STORED DATA:
* * * * * * * * *
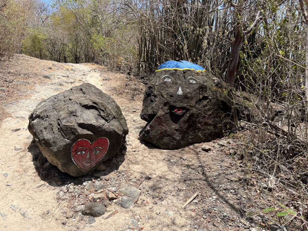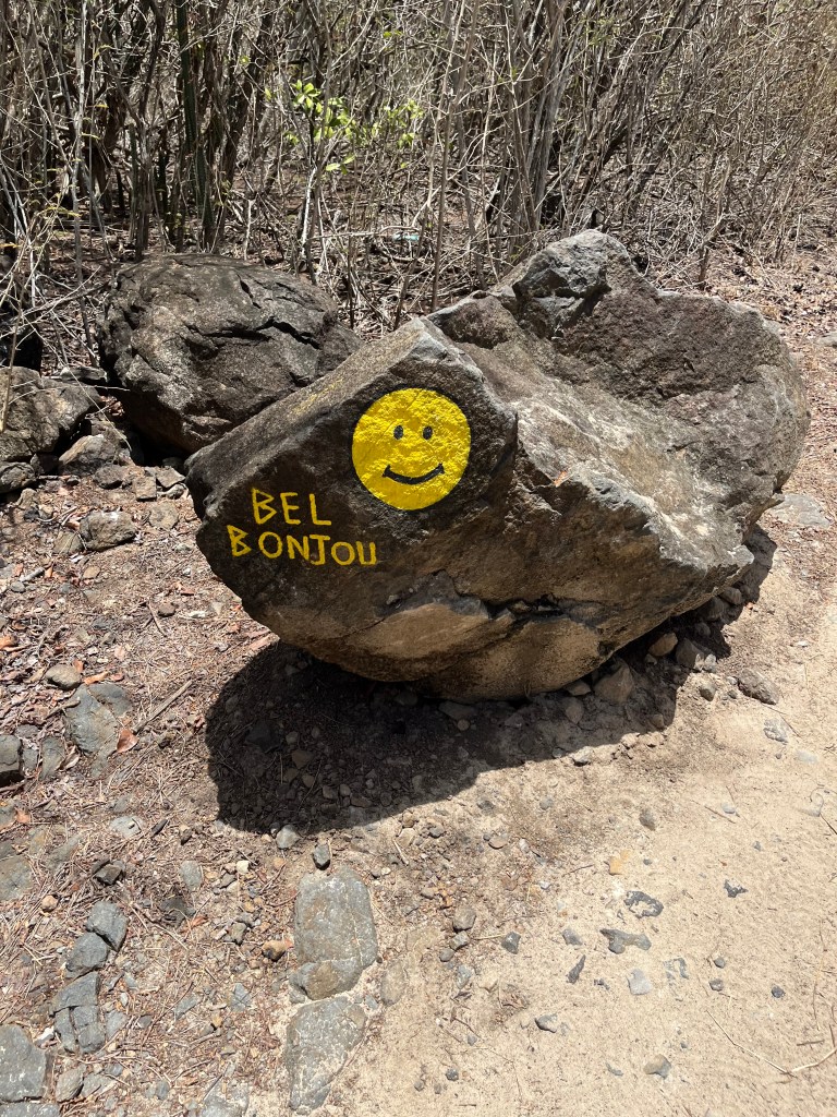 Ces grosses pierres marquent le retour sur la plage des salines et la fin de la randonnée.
* * * * * * * * *
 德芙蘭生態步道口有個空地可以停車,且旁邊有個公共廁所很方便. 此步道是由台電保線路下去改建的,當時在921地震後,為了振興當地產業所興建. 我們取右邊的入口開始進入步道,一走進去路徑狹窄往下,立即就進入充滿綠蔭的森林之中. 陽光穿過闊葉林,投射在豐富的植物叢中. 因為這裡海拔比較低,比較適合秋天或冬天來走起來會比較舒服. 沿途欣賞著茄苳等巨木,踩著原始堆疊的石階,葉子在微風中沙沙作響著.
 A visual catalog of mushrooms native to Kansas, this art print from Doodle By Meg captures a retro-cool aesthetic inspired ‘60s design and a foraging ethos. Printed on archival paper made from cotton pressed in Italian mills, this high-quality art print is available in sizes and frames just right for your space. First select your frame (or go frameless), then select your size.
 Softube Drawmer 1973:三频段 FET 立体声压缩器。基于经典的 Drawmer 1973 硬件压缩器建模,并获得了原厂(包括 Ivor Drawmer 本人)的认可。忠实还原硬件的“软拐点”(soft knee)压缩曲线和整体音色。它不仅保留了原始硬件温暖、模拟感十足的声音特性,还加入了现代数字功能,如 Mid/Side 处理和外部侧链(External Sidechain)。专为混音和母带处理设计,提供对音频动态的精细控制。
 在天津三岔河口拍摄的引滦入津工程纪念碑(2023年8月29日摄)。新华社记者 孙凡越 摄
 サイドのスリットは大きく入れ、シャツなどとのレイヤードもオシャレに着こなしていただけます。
* * * * * * * * *
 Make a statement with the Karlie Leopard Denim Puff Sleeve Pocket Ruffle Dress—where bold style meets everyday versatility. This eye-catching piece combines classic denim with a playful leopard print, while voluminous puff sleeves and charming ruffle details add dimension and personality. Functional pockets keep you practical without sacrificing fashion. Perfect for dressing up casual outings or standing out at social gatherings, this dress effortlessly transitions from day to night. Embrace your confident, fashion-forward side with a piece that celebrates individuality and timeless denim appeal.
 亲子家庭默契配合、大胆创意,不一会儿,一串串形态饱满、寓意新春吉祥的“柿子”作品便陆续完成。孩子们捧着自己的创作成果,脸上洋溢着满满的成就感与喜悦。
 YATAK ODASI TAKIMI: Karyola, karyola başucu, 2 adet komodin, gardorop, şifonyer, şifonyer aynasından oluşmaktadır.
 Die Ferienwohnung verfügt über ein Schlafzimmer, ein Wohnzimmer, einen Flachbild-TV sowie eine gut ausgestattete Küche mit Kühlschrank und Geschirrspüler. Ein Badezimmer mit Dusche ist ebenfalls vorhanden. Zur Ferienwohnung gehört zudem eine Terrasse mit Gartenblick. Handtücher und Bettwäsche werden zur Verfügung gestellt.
* * * * * * * * *
ASSIGNMENT: Copy verbatim, from the listing above, each line from the one containing "YATAK ODASI TAKIMI: Karyola, karyola" down to the one containing "Die Ferienwohnung verfügt", inclusive.

EXERCISE RESULT:
 YATAK ODASI TAKIMI: Karyola, karyola başucu, 2 adet komodin, gardorop, şifonyer, şifonyer aynasından oluşmaktadır.
 Die Ferienwohnung verfügt über ein Schlafzimmer, ein Wohnzimmer, einen Flachbild-TV sowie eine gut ausgestattete Küche mit Kühlschrank und Geschirrspüler. Ein Badezimmer mit Dusche ist ebenfalls vorhanden. Zur Ferienwohnung gehört zudem eine Terrasse mit Gartenblick. Handtücher und Bettwäsche werden zur Verfügung gestellt.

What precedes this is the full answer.